Review Comment:
This manuscript was submitted as 'full paper' and should be reviewed along the usual dimensions for research contributions which include (1) originality, (2) significance of the results, and (3) quality of writing. Please also assess the data file provided by the authors under “Long-term stable URL for resources”. In particular, assess (A) whether the data file is well organized and in particular contains a README file which makes it easy for you to assess the data, (B) whether the provided resources appear to be complete for replication of experiments, and if not, why, (C) whether the chosen repository, if it is not GitHub, Figshare or Zenodo, is appropriate for long-term repository discoverability, and (4) whether the provided data artifacts are complete. Please refer to the reviewer instructions and the FAQ for further information.
The authors present a compact, focused experiment on applying ShEx validation to libraries' datasets to foster data re-use, with four exemplifying use cases on datasets provided by three individual libraries (and one non-library data). The presented methodology is quite straightforward application of ShEx. From purely technological perspective, the originality and significance of the contribution is not particularly high, but especially for researchers and practitioners working with (linked) data in GLAM institutions the paper would be relevant.

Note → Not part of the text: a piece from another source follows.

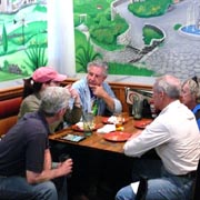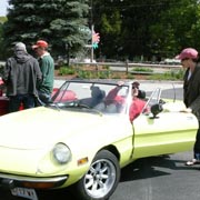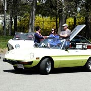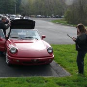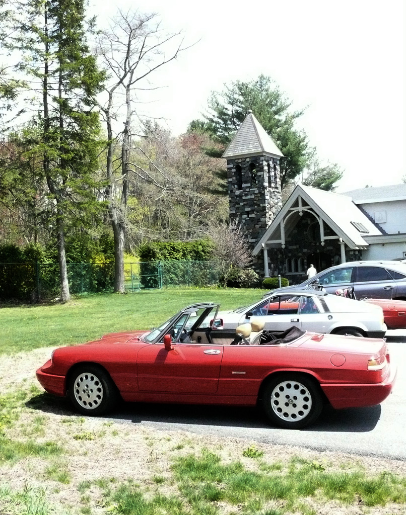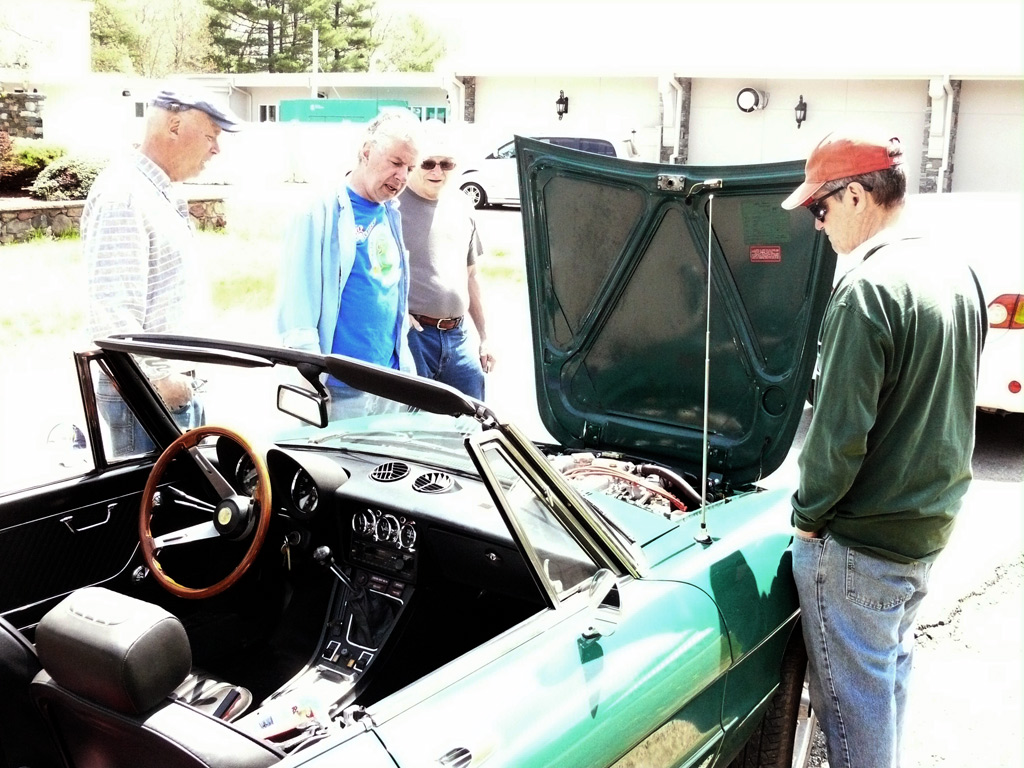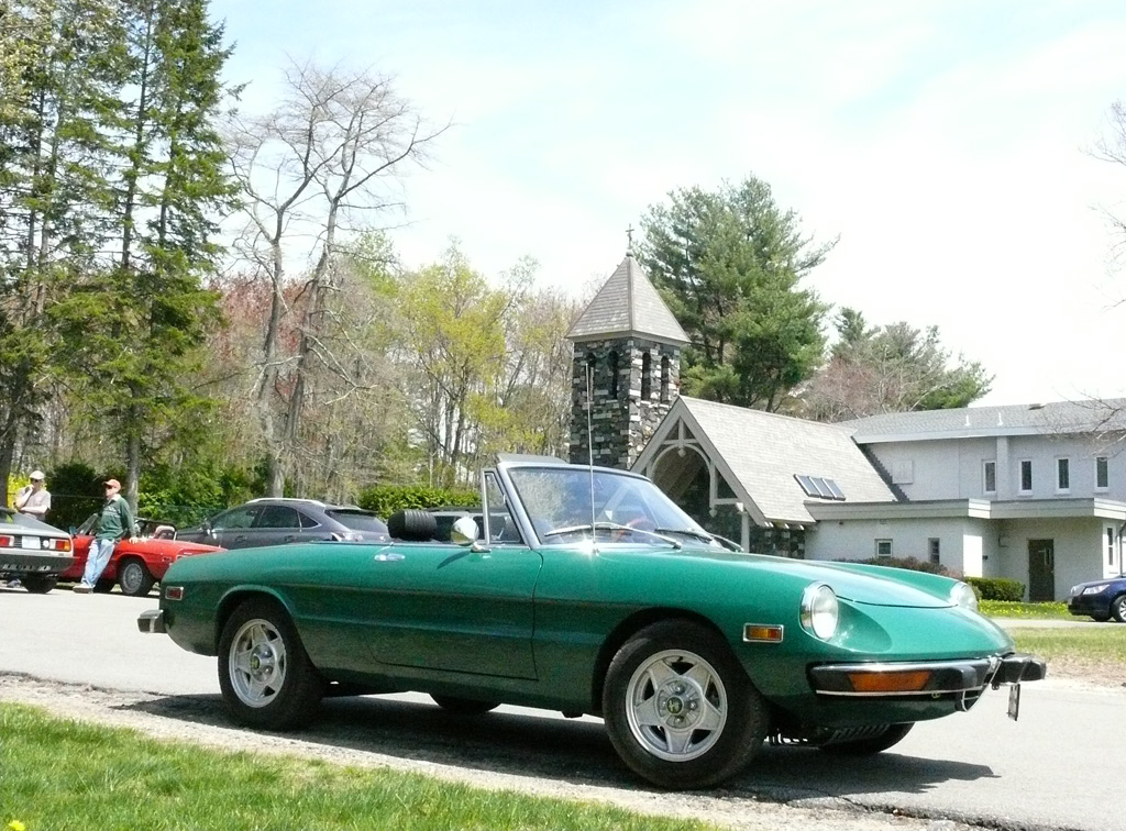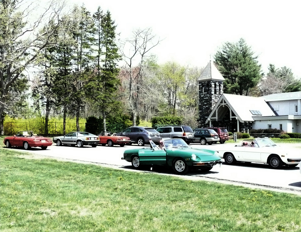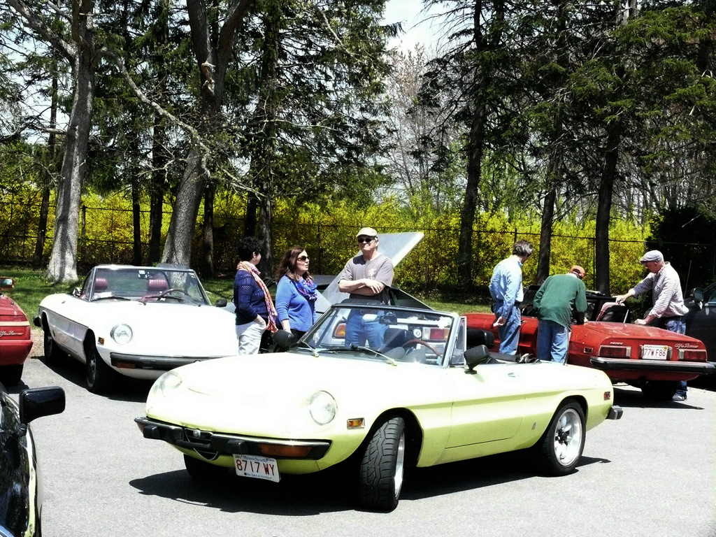 Text & photos by Tom "Let's-Tour-Now" Letourneau Presented here in its complete, original, unabridged, unedited, unadulterated, uncensored form! The 2nd and absolutely, positively, last (maybe) Rogues Island Ramble, a both Tour and Gimmick Rallye combined as one, is now in the history books. And, while I say Absolutely, Positive, Last (MAYBE)... that could well not be the case - there could be a 3rd-one. As I write this I have not, as yet, spoke with John DeWaele, but John has mentioned on more then one occasion he would like to see a Rallye/Tour some day all through his neck of the Rogues Island woods…that being Western and Southern RI and a wee bit of Eastern, CT. Despite my praying for rain…the day turned out to beautifully warn and sunny with everyone running the event…Tops-Down. What's that you ask…why was I praying for rain. Well, actually not for the event, but as my luck goes, I had 10days prior to the event, having put in a new $35,000.00 'Oh My God Septic System, and then spending $2,200.00 to have it landscaped, seeded and fertilized…it had not rained one single drop during those 10-days leading up to the Rallye. SO…I prayed for rain, knowing it wouldn't and it would be a great day for the event. (Makes sense?) Oh well…as stated the day was gorgeous…my only disappointment was what I felt was a very low turnout??? But, the diehards, and couple of 'Newies' also came! Maybe it wasn't a good idea to have it the day before 'Mom's Big Day'? But everyone that did come did do Mom's Day Shopping at both Phantom Farms and the Mt. St. Mary's Gift Shop. Lots of goodies, apple pies, Trapistine Candy, Jelly and Jams were the kinds of gifts that Mom's saw the following day! And, again, not to lament the low turnout…I really do wish that somehow we could, as a club, find out what our members really want in activities. I know we have done surveys, etc. and it also seems we are putting on the kinds of events asked for….but, we are just not seeing the kinds of turnouts that were once du Rigueur? Maybe because we are stretched out as far as we are, covering a 5-State area, we need move the events into other parts of the AONE Chapter's land mass. That being the case maybe we could get some of our NH, VT and Down east members to come-up with some ideas/events? Anyway, as to the event…while it was a Rallye, as mentioned we did have some members that came just to tour the beautiful back, curvy, challenging roads that were this year's course…and some that were a part of my last Ramble of a few years back. Peter Walker, an AONE Board Member and Carl Helmetag who showed up in his immaculate Lancia Monte Carlo. Other rallye participants included Ken and Mildred Green along with Barbara Smith and Robert Rupp. For those that chose to test their skills of observation and also trying to decipher the somewhat tricky questions, especially how they were worded, many of the questions were answered. As a matter of fact the winning team, Larry LoPresti & his lovely wife Michelle, won by answering one question more then did the 2nd-place team, and winners of previous Rallies, John and Lauren DeWaele. Actually, Lauren is the previous winner having won a few years back with her son, Sean, now in the U.S. Navy, on the carrier Roosevelt off the coast of "Over There"!!!. As mentioned in my write-ups leading up to this event it was my intent to have more questions then the norm, and many of a different structure (tricky and misleading) as I looked at this event as 'Training' for AONE members to insure they do well in the Alfa Nordest Convention Gimmick Rallye. As to the LoPresti's out-pointing the DeWaele's by one question… it was a Trick, Tie-Breaking Question, with a 10-Point value, that was the difference. As a matter of fact the LoPresti's were the only team to answer that question correctly…but, as we were to find out at the end of the Rallye, while having lunch at the Cumberland House of Pizza (I think everyone had CHOP's world famous 'Steak Sandwiches') the LoPresiti's, because of some unusual circumstances, had an unfair advantage. You see the many back roads I used in Saturday's event are also roads that the LoPresti's use to bicycle on…as such they have ridden by the spot wherein the answer to my 'Trick Question' was located. Allow me a moment to repeat that question here so that those of you that couldn't make this Rallye, but are looking forward to doing so in the future, will have an idea of what to expect for questions? The Angle Tree Stone, a nine-foot slate monument made by a father and son team that manufactured gravestone markers, replaced a tree that had long been used as a boundary marker between the Massachusetts Bay and Plymouth colonies. WHAT YEAR WAS IS BUILT? Sounds like a question easy enough to answer…doesn't it. All you have to do is look for a 9-foot high stone monument with a date on it? Well, that is exactly what everyone did…and everyone missed it. WHY…the Angle Tree Monument is located a ¼-mile down a dirt driveway, open to the public, encased in a brick building with Plexiglas panels on all 4-sides so that you can view the stone. When driving by the entrance to that driveway is a signpost that has a plaque on it telling you all about the Angle Tree Stone and when it was built. Sneaky, me…huh?? But, that is the fun of a Gimmick Rallye…being fooled, etc. Want another example? OK If you were heading East you might be able to see the Skyline of Boston. Then, again, if you were heading West you might be seeing the Skyline of Providence…or is it either of them. It could be Pawtucket, Attleboro, ???? Whatever 'Skyline' it is, I think it is to the South. That being the case 'What Direction' are you heading in? Or, how about this one? I think I'll have a cup of Constant Comment…NO, make it Earl Grey As the participants were riding down Ray Street in Wrentham, if they were paying close attention, they would have noticed an antique teapot hanging from a

Compared to the previous version of the paper: the authors have made improvements on the paper, extending it sufficiently on sections that needed further discussion. The comments I made in my previous review have been addressed sufficiently. The quality of the writing is good.
The data file provided by the authors under “Long-term stable URL for resources” (A) is well organized and contains a README file, (B) appears to be complete for replication of experiments (based on the README file, file listing, and looking at couple of individual data files), (C) is stored on Zenodo, and (4) appears to provide complete data artifacts (based on the README file, file listing, and looking at couple of individual data files).
I have one comment:
- Page 14 "Regarding the NLF dataset, a common problem is related with the property rdf:langString used for language-tagged string values that are validated against xsd:string" - In such cases, why did you constrain the property value's datatype to "xsd:string" - instead of "LITERAL" (https://shex.io/shex-semantics/index.html#shexc) in the ShEx definition? For example, concerning NLF dataset's class Person, you have constrained the property schema:name's value to xsd:string (https://github.com/hibernator11/ShEx-DLs/blob/1.1/nlf/nlf-person.shex#L12). In the NLF data model the range of schema:name is defined as "Literal" (https://www.kiwi.fi/display/Datacatalog/Fennica+RDF+data+model), and in the schema.org vocabulary the range of schema:name is defined loosely: "schema:name schema:rangeIncludes schema:Text" (https://schema.org/version/latest/schemaorg-current-https.ttl). I would suggest loosening the constraint.
Minor remarks:
- Page 14: "Table 6 provides an overview of the data quality evaluation. All the assessed repositories obtained a high score, notably the BNB and the BnF." - Based on Table 6, NLF obtained as high score (mconRelat) as BnF. Mention NLF as well?
- Page 14: "Regarding the NLF dataset, a common problem is related with the property rdf:langString used for language-tagged string values that are validated against xsd:string" - rdf:langString is not a property, but a datatype.
|